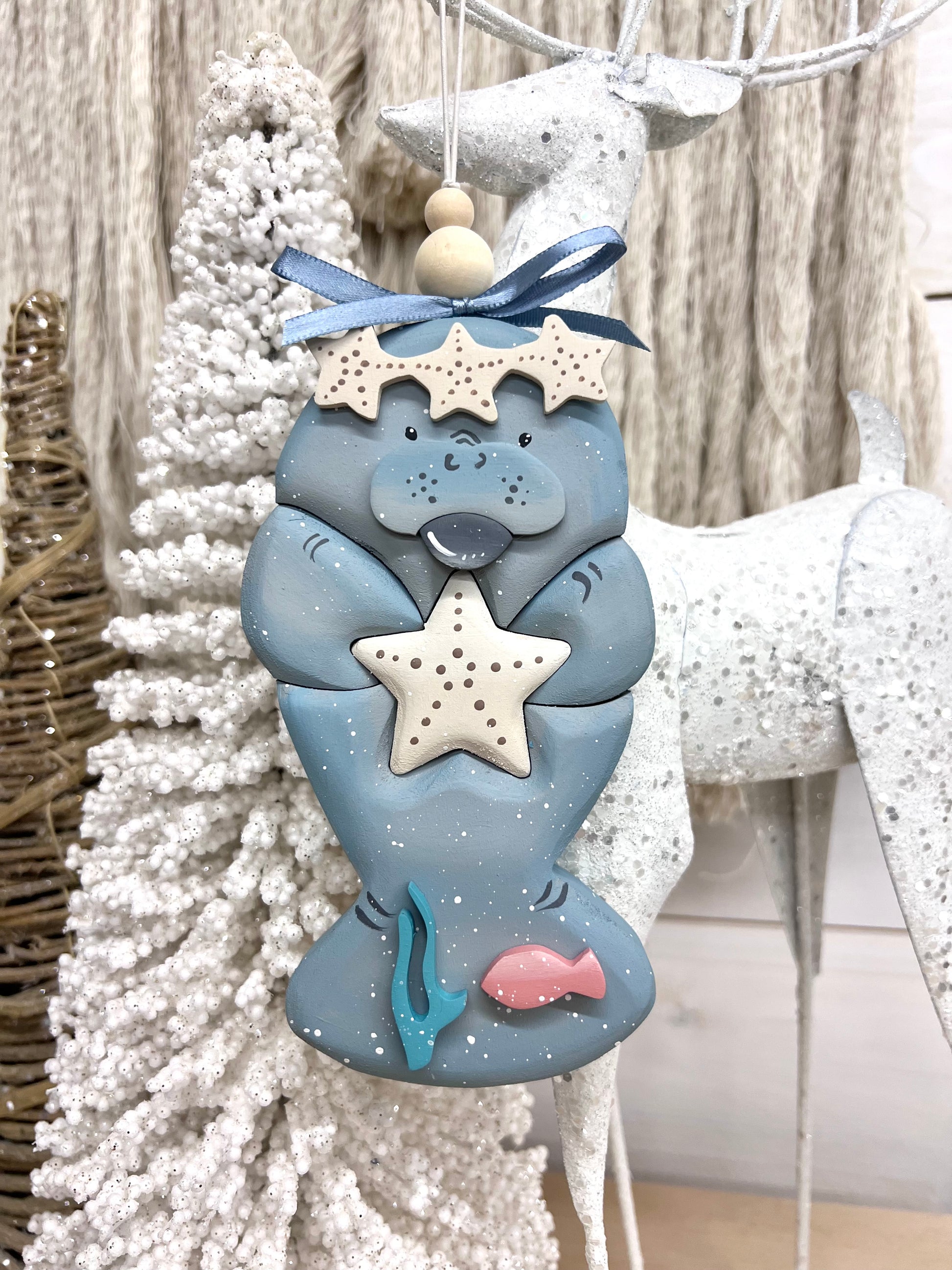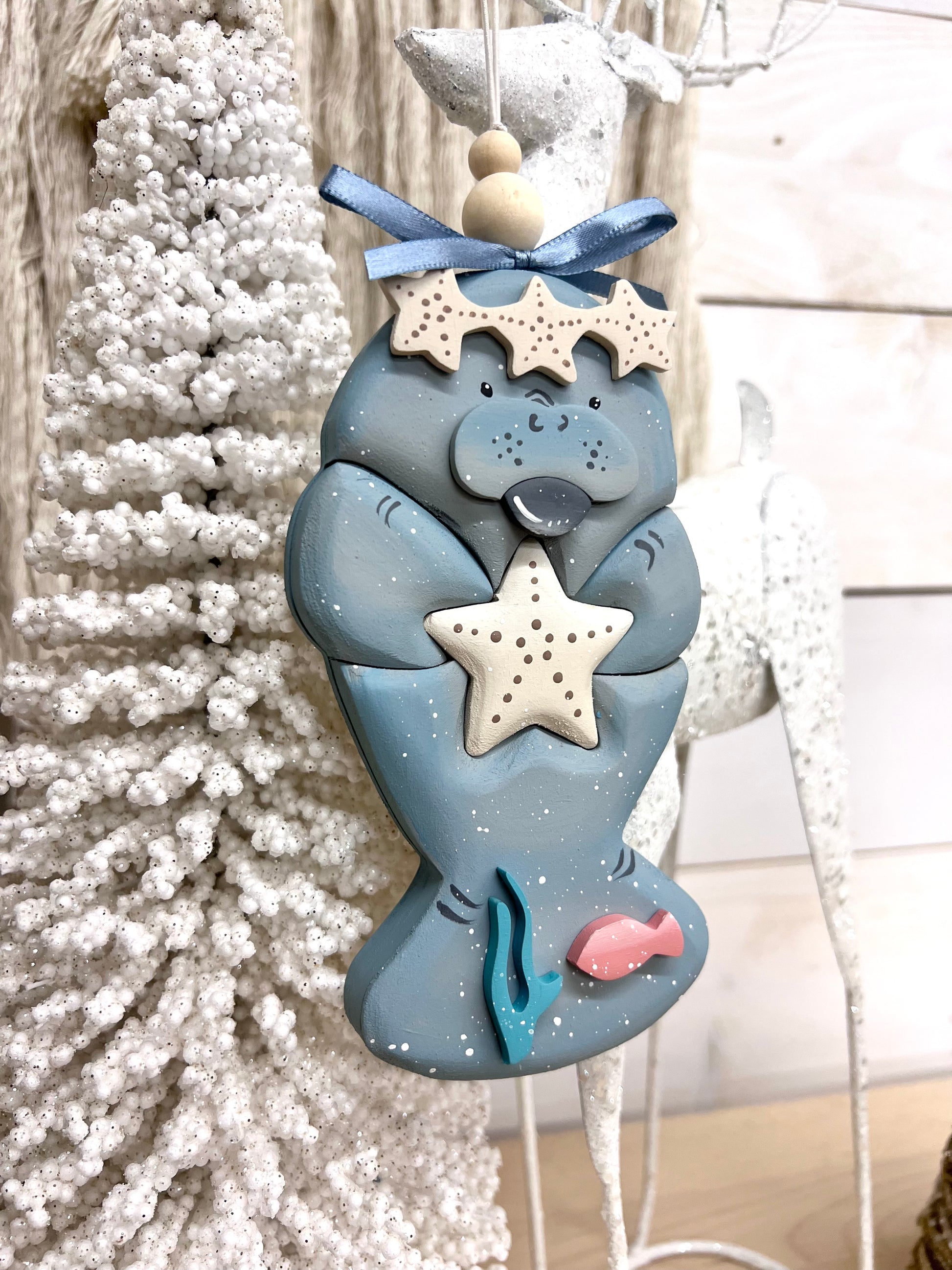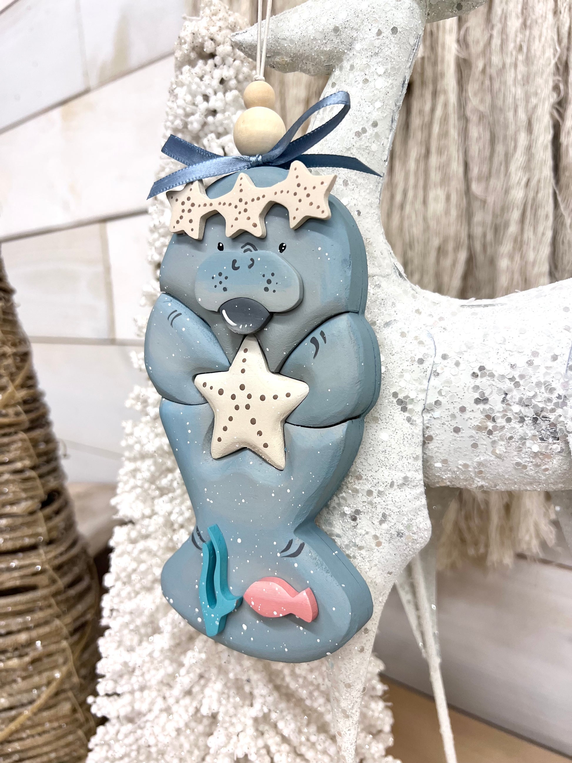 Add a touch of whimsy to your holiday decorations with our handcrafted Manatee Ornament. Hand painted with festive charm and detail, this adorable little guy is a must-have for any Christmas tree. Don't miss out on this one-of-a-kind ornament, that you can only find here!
☆ ☆ ☆ ☆ ☆ ☆ ☆
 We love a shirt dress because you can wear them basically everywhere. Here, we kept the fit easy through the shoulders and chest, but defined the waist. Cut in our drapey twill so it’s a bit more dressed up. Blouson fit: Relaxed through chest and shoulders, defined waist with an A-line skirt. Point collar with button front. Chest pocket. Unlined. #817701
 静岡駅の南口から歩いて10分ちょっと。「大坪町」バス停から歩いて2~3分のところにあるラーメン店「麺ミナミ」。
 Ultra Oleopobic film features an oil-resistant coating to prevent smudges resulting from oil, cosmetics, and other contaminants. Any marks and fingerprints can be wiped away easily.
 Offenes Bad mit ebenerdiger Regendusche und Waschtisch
☆ ☆ ☆ ☆ ☆ ☆ ☆
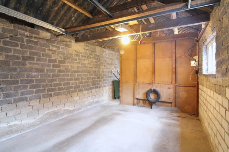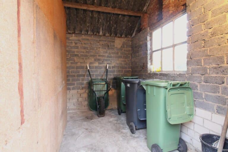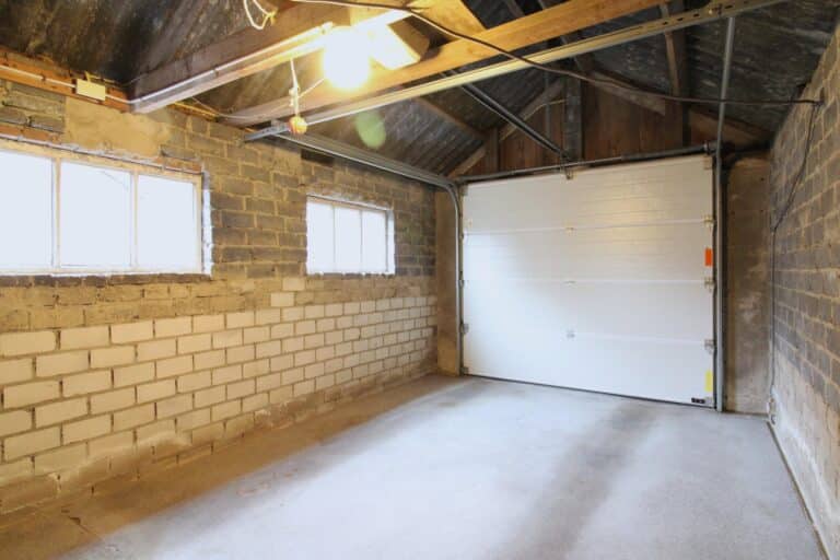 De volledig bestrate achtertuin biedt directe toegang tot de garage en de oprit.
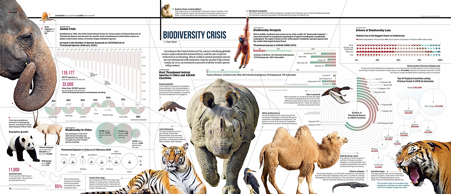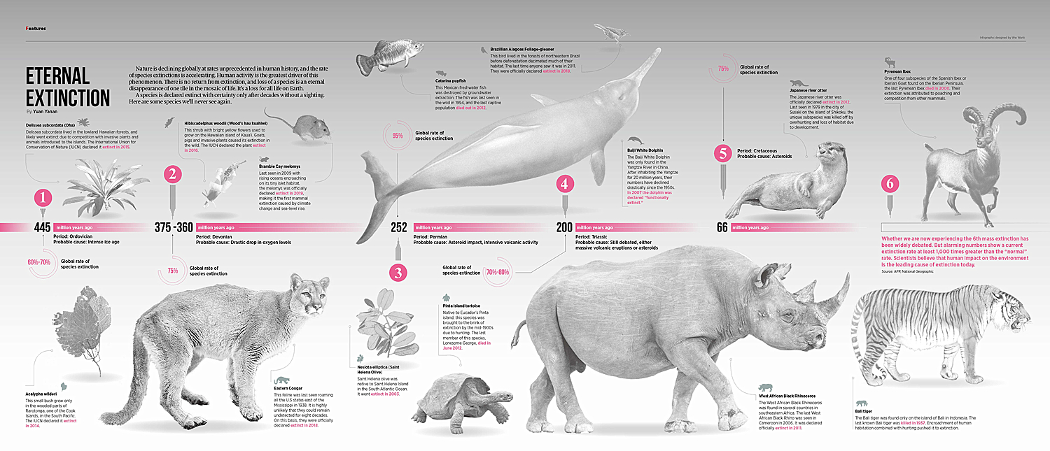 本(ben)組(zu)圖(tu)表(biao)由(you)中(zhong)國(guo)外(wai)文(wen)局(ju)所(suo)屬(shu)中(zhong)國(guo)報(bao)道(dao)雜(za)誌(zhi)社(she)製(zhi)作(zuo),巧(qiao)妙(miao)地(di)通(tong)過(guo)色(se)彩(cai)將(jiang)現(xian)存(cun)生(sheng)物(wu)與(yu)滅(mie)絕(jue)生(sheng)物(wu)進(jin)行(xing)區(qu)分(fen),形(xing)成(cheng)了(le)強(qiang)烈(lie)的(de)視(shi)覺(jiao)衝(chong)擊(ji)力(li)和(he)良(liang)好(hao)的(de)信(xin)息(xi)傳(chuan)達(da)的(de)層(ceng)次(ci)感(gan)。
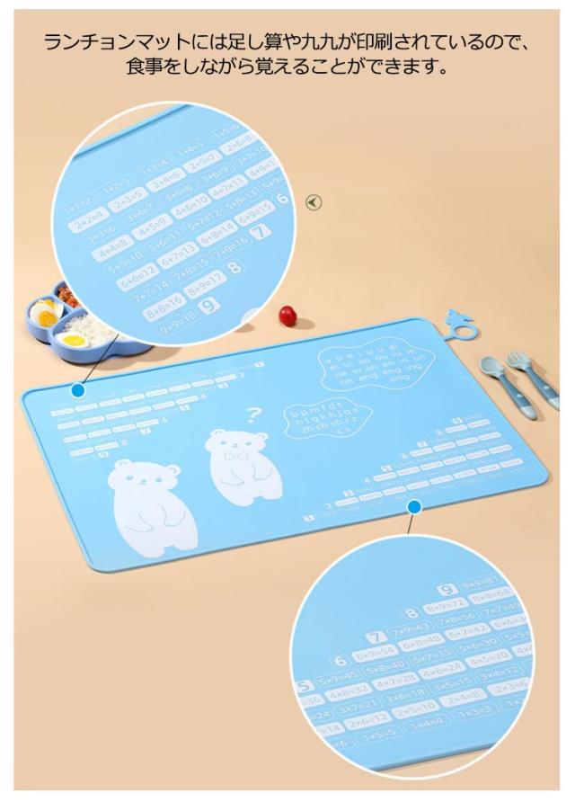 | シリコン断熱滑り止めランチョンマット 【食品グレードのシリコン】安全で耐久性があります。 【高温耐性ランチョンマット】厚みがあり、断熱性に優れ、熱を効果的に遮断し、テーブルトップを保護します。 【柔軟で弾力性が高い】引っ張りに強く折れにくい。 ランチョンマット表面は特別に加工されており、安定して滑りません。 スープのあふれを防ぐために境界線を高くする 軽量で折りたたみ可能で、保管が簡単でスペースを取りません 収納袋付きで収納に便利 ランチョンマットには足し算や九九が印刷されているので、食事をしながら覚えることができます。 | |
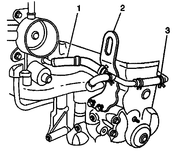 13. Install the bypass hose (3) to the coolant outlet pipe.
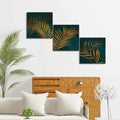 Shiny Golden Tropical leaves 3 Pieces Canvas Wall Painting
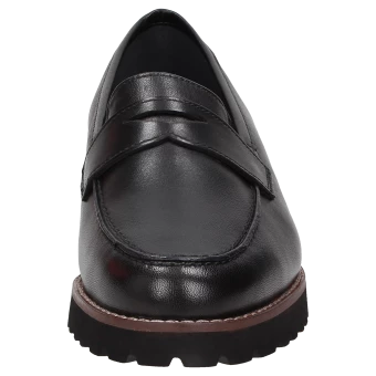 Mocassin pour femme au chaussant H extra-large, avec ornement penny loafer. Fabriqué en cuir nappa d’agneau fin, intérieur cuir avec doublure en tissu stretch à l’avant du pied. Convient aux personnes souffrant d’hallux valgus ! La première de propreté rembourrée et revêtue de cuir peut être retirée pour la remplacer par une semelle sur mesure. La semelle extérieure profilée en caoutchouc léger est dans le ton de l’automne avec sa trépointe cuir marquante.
☆ ☆ ☆ ☆ ☆ ☆ ☆
From the records above, give again exactly the lines running from the line with "We love a shirt" to the line with "Offenes Bad mit", inclusive.

 We love a shirt dress because you can wear them basically everywhere. Here, we kept the fit easy through the shoulders and chest, but defined the waist. Cut in our drapey twill so it’s a bit more dressed up. Blouson fit: Relaxed through chest and shoulders, defined waist with an A-line skirt. Point collar with button front. Chest pocket. Unlined. #817701
 静岡駅の南口から歩いて10分ちょっと。「大坪町」バス停から歩いて2~3分のところにあるラーメン店「麺ミナミ」。
 Ultra Oleopobic film features an oil-resistant coating to prevent smudges resulting from oil, cosmetics, and other contaminants. Any marks and fingerprints can be wiped away easily.
 Offenes Bad mit ebenerdiger Regendusche und Waschtisch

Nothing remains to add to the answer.